(ASSIGNED TASK): Copy nothing from the entries below except the lines from the one containing "3. 机器的安装 QD023-07" through the one containing "2023 Form T74", and copy those exactly.

BEGIN INFORMATION

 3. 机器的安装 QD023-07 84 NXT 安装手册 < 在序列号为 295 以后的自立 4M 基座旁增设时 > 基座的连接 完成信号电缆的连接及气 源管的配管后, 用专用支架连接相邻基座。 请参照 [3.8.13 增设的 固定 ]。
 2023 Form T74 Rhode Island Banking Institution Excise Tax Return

END INFORMATION
BEGIN INFORMATION

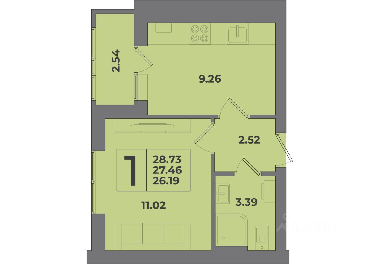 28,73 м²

END INFORMATION
BEGIN INFORMATION

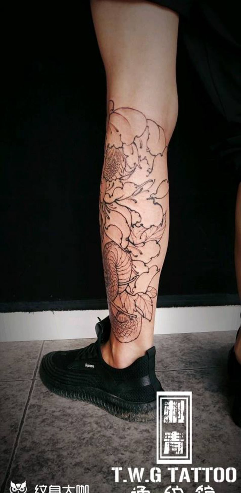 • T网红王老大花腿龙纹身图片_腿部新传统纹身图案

END INFORMATION

(ANSWER BOX):
 3. 机器的安装 QD023-07 84 NXT 安装手册 < 在序列号为 295 以后的自立 4M 基座旁增设时 > 基座的连接 完成信号电缆的连接及气 源管的配管后, 用专用支架连接相邻基座。 请参照 [3.8.13 增设的 固定 ]。
 2023 Form T74 Rhode Island Banking Institution Excise Tax Return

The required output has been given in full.